No word yet on Napolitano budget
Ms. Napolitano proposed borrowing and other fiscal maneuvers in previous budgets to prop up spending increases in education and other areas, but she has yet to telegraph any major spending initiatives or other elements of the budget proposal now being developed for release in January.
Lawmakers in 2005 rejected Ms. Napolitano’s desire to continue borrowing to pay for new school construction and instead switched to spending cash for that costly program. Earlier this year, she ended up joining Republicans in supporting a major deposit of money into the state’s rainy day fund, a reserve account virtually drained earlier decade to help keep state government in the black during the recession.

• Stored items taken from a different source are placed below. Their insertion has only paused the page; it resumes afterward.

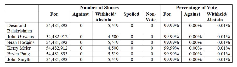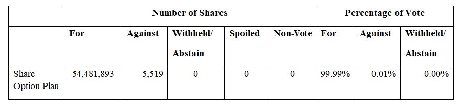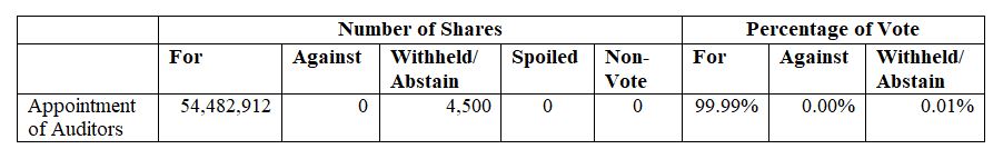 Shareholders voted in favour of all of the items of business put forth at the meeting as set out below. A total of 54,487,412 shares were represented at the meeting, representing 63.22 per centof the total issued and outstanding shares.
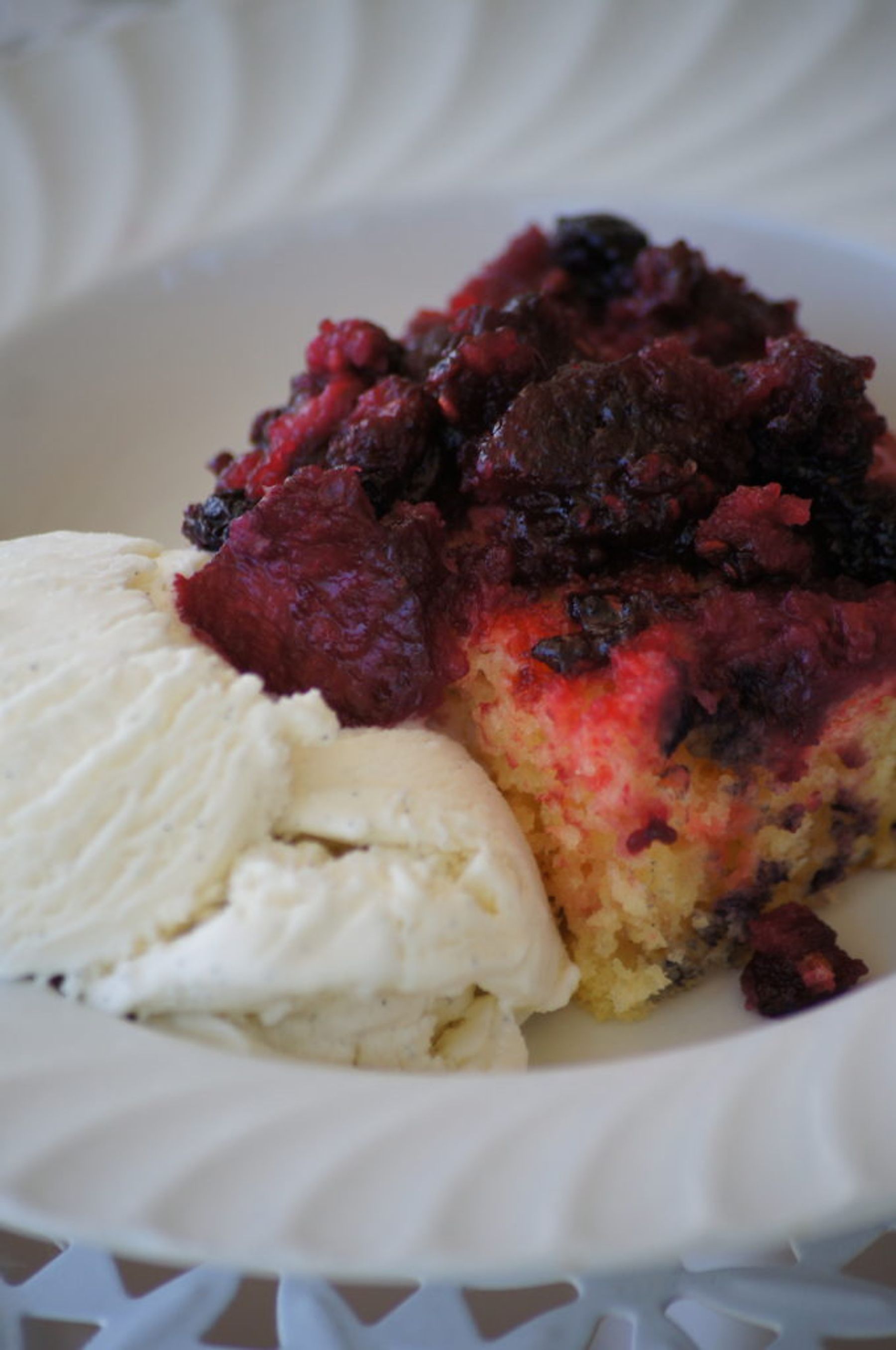 Spray a 12\\\" cast iron fry pan or line it with parchment. Add the berries and top with sugar and Jello powder. In a separate bowl, combine cake mix, eggs, water and oil. Mix well and then add the...
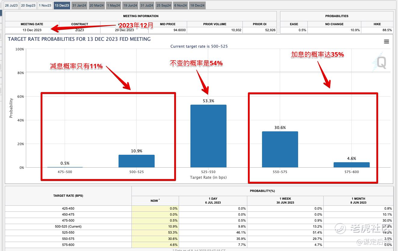 随着一系列经济数据公布,美国国债的基本面有了很大的改变,市场对于今年年底前减息的押注已经降低到11%了,而继续加息的概率高达35%,利率不变是大概率的54%。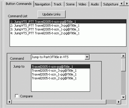 Набор свойств, отображаемых в окне редактирования, изменяется при выборе того или иного объекта. Пользователь может выбирать эти свойства, просто выбирая соответствующие закладки в окне редактирования (рис. 1.11). Чаще всего пользователь добавляет и редактирует команды навигации, меняет цвета кнопок меню и добавляет эффекты для субтитров.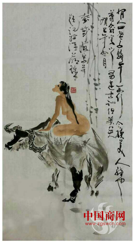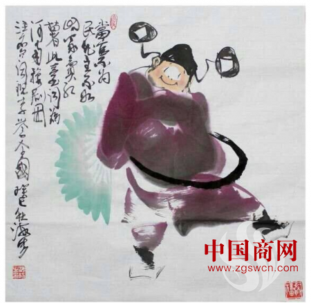 趙海昉的書(shū)畫(huà)藝術(shù)源于生活,寓于自然,既尊傳統(tǒng),又主創(chuàng)新,長(zhǎng)于寫(xiě)意人物花鳥(niǎo),以書(shū)法如畫(huà),筆力敦厚老辣,縱橫恣肆,氣勢(shì)或雄強(qiáng)或詼諧自成風(fēng)格,章法布白,虛實(shí)相生,主題突出,用色對(duì)比鮮明。在為著名豫劇藝術(shù)家牛得草先生臺(tái)詞“當(dāng)官不為民做主,不如回家賣(mài)紅薯”作畫(huà)中,就大膽寫(xiě)意用筆強(qiáng)烈著色,形成強(qiáng)烈視覺(jué)沖擊效果,強(qiáng)化對(duì)主題的把握。對(duì)《六祖壇經(jīng)》“菩提本無(wú)樹(shù),明鏡也非臺(tái);本來(lái)無(wú)一物,何處惹塵埃。”這首偈語(yǔ)的畫(huà)意表現(xiàn)中,構(gòu)圖留白恰當(dāng),書(shū)畫(huà)一體和韻,禪意十足,意境超凡,極具品味。東坡先生說(shuō)“出新奇于法度之中”,海昉老師過(guò)人之處恰在這種適度的把握,所以才能隨意潑灑間也是古意盎然,氣息充盈,干凈高雅,富有韻致的佳作。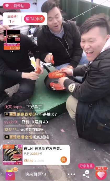 直播間熱鬧非凡,海上的信號卻不作美,直播間有些卡頓,嚴(yán)重時,直接斷線。一旁拼購的技術(shù)人員陳蘇楠、常超及時調(diào)整,穩(wěn)住了直播信號。尹鴻怕會流失觀眾,誰料,重新打開后發(fā)現(xiàn),觀眾非但沒少,反而增加了很多。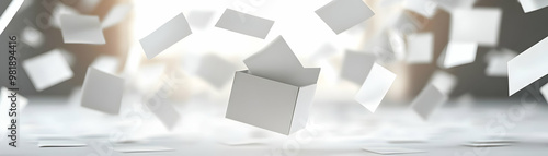 Antigravity Ballot Drop Concept: Close-Up of Ballots Rising into Floating Box Defying Gravity, Emphasizing Vote Importance - Isolated on White Background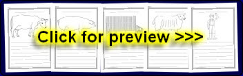 A set of simple printable sheets featuring images of farmyard items and animals for children to colour along with writing lines for topic-related writing.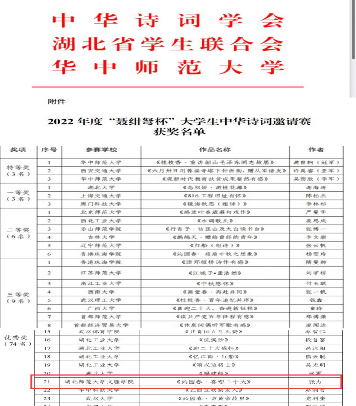 (通讯员:苏祎)6月6日,由中华诗词学会、中华诗词研究院、湖北省学生联合会、华中师范大学联合举办的2022年度“聂绀弩杯”大学生中华诗词邀请赛赛结果已公布。乐鱼(中国)官方张力同学荣获佳绩。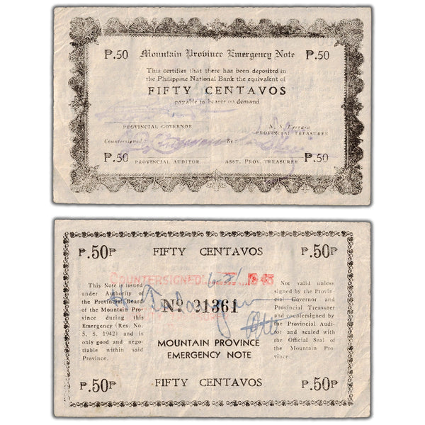 Available for sale is a Philippines Mountain Province Emergency 1942 50 Centavos Note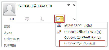 オプションボタンをクリックし「Outlookのプロパティ」をクリック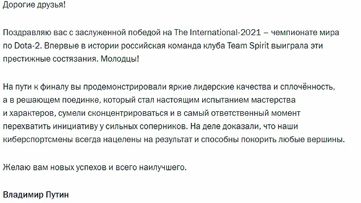 Понятное дело, что спичрайтер Владимира Владимировича с малой долей вероятности увлекается киберспортом, отсюда и моменты вроде «наши киберспортсмены». Но поздравление президента – это, конечно, в любом случае уровень.
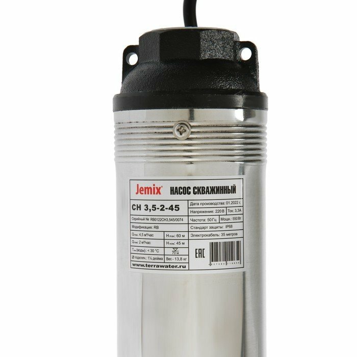 Насос скважинный, Jemix, 35 м, 550 Вт, диаметр 87 мм, 60 м, максимальный напор 45 м, 2 м³/ч, СН 3,5-2-45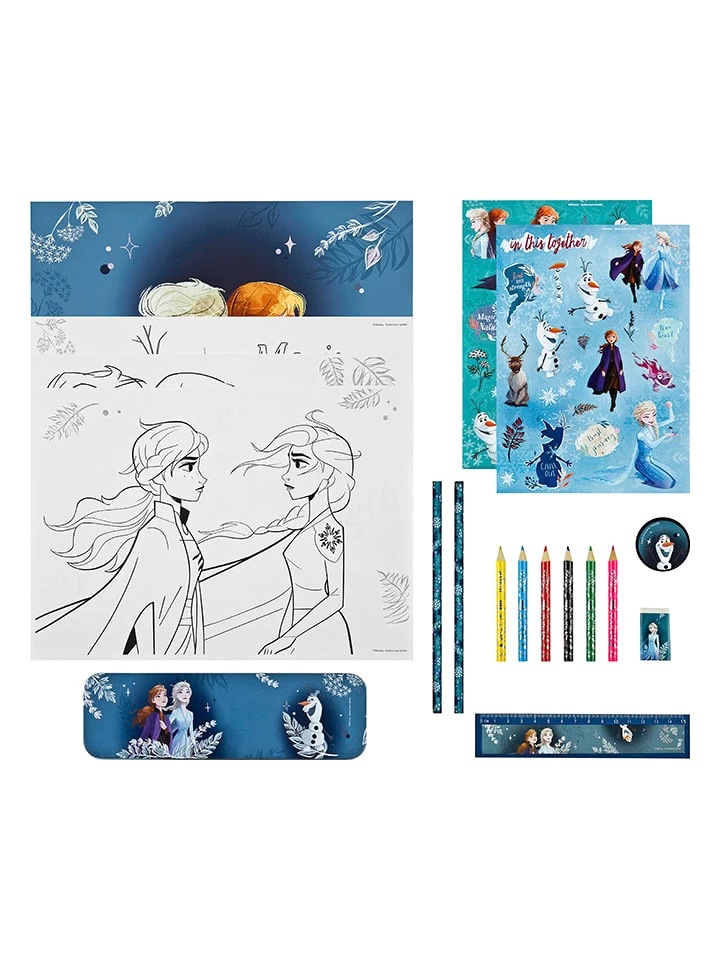 – Inhalt: 1 Tasche mit Griff und Reißverschluss, 1 Metalldose, 6 Poster, 2 Stickerblätter, 2 Bleistifte, 5 Mini Buntstifte, Notizblock, Lineal, Spitzer, Radierer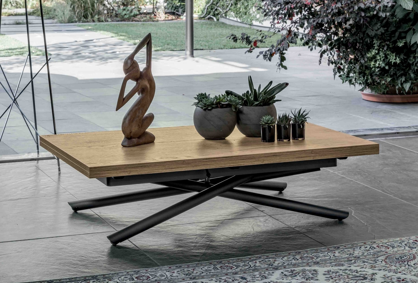 This height-adjustable table is designed to move precisely between everyday coffee table use and full dining height via a gas-assisted lifting mechanism that operates smoothly and securely. When required, the top opens out to increase surface area, comfortably accommodating meals, work or entertaining without the need for additional furniture.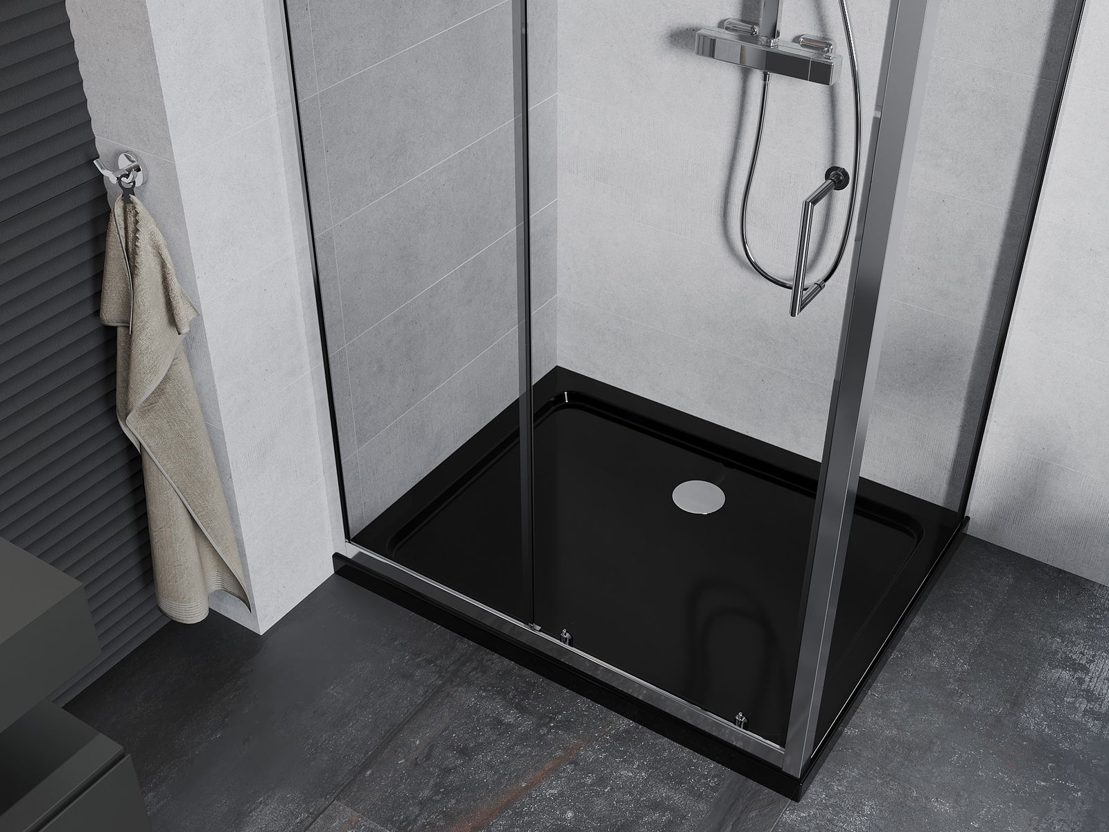 Mexen Apia kabina prysznicowa rozsuwana 140 x 80 cm, transparent, chrom + brodzik Flat, czarny - 840-140-080-01-00-4070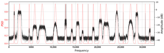 In Figure 4, the PSD targets are an example of the input power spectrum. Let be an input power spectrum of length . Therefore, we aim to produce the PSD outputs for the set output stride to a fixed value of 4 in SCN. Let be the score at the point in the predicted PSD, and let be the ground-truth PSD, where the subcarrier center denotes , corresponding to a detected keypoint, while the others are all background and . In accordance with [24,25], a 1D Gaussian kernel is used to produce the ground-truth at the frequency center of the PSD, where is 1/3 of the corresponding BW. If the two Gaussians overlap, we consider the element-wise maximum [32].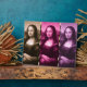Da Vinci's masterpiece times three (x3), set off in colours of chocolate brown, raspberry, and plum purple... with thin vertical streamers of animal print.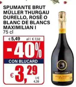 | Spumante brut müller thurgau durello, rosè o blanc de blancs MAXIMILIAN I 75 cl | Il Gigante | €5,49 | €3,29 | -40% | 15 dicembre 2025 | 31 dicembre 2025 | |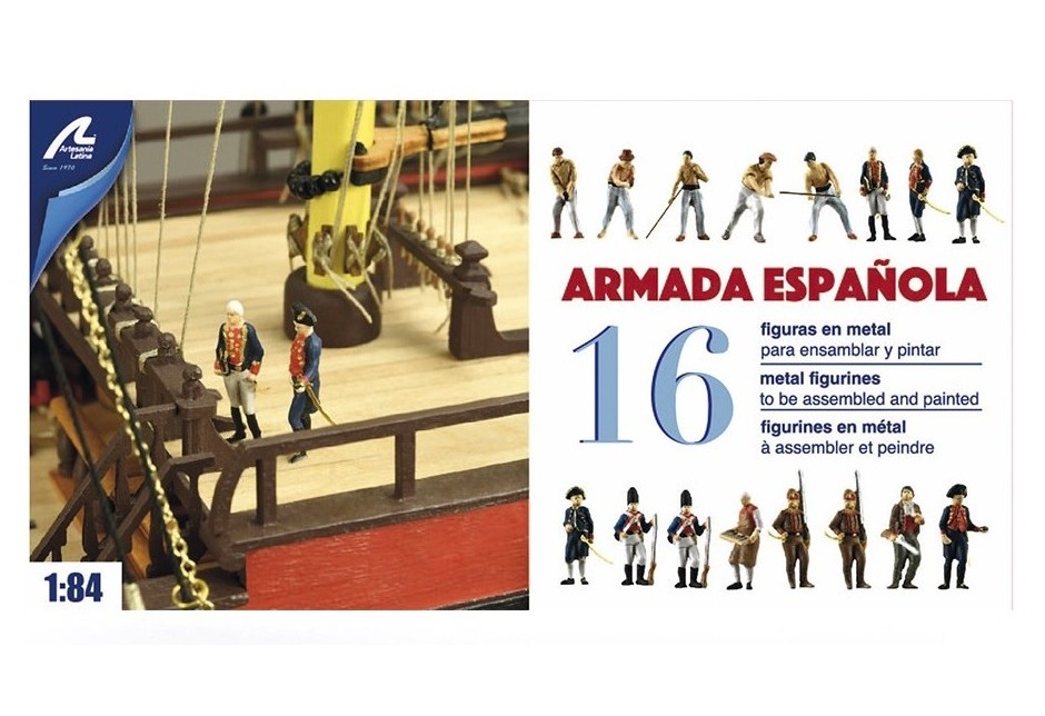 Pour donner encore plus de réalisme à la maquettes en bois du navires de la Marine Espagnole -Armada Española-, ne manquez pas l'ensemble de 16 figurines en métal à l'échelle 1/84 des membres de l'équipage, prêt à être assemblé et peint. Dimensions des fi...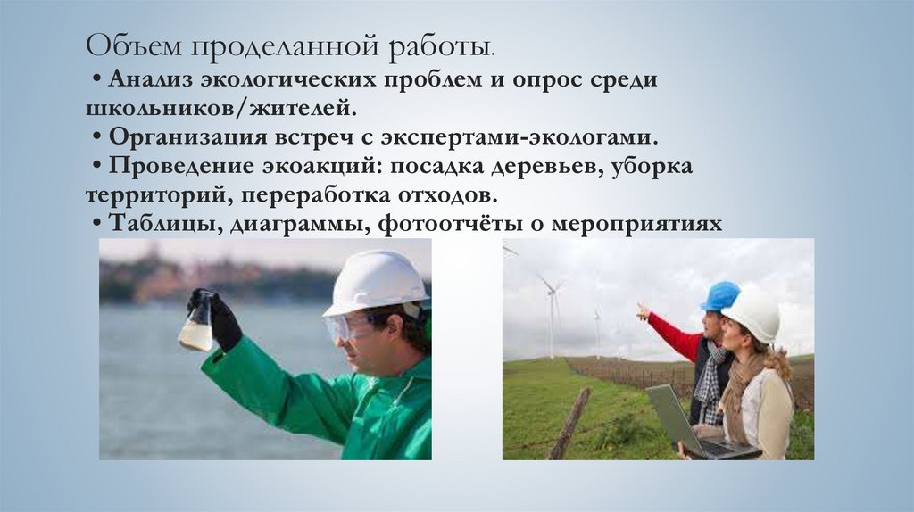 Объем проделанной работы.• Анализ экологических проблем и опрос среди
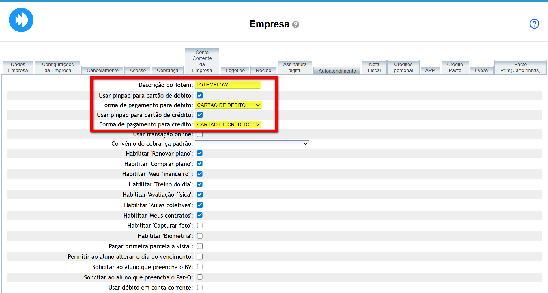 Lembrando que as configurações de PINPAD e CONVÊNIO DE COBRANÇA já devem estar configuradas no sistema, antes de configurar o Autoatendimento.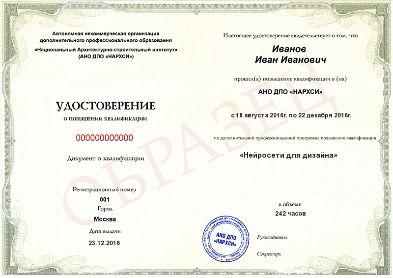 После окончания программы дополнительного профессионального образования от 16 до 250 часов Вы получите удостоверение о повышении квалификации.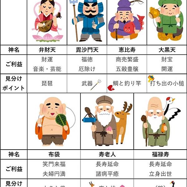 七福神是在日本信仰中被認為會帶來福氣、財運的七尊神明,一般以惠比壽、大黑天、毘沙門天、壽老人、福祿壽、辯才天、布袋為七福神,整體形象類似中國的八仙。

Legislative budget director Richard Stavneak declined to project how much extra money lawmakers will have available for discretionary purposes. But he told the conference that major revenue sources continued to record double-digit increases from a year earlier in early months of the 2006-2007 fiscal year that began July 1.
One forecasting model weighed by the legislative budget staff when it compiles a revenue estimate even projects an economy at recession levels, but most economists aren’t that pessimistic, Mr. Stavneak said.
“They’re saying it’s going to be a pretty average year,” Mr. Stavneak said, referring to the 2007 calendar year.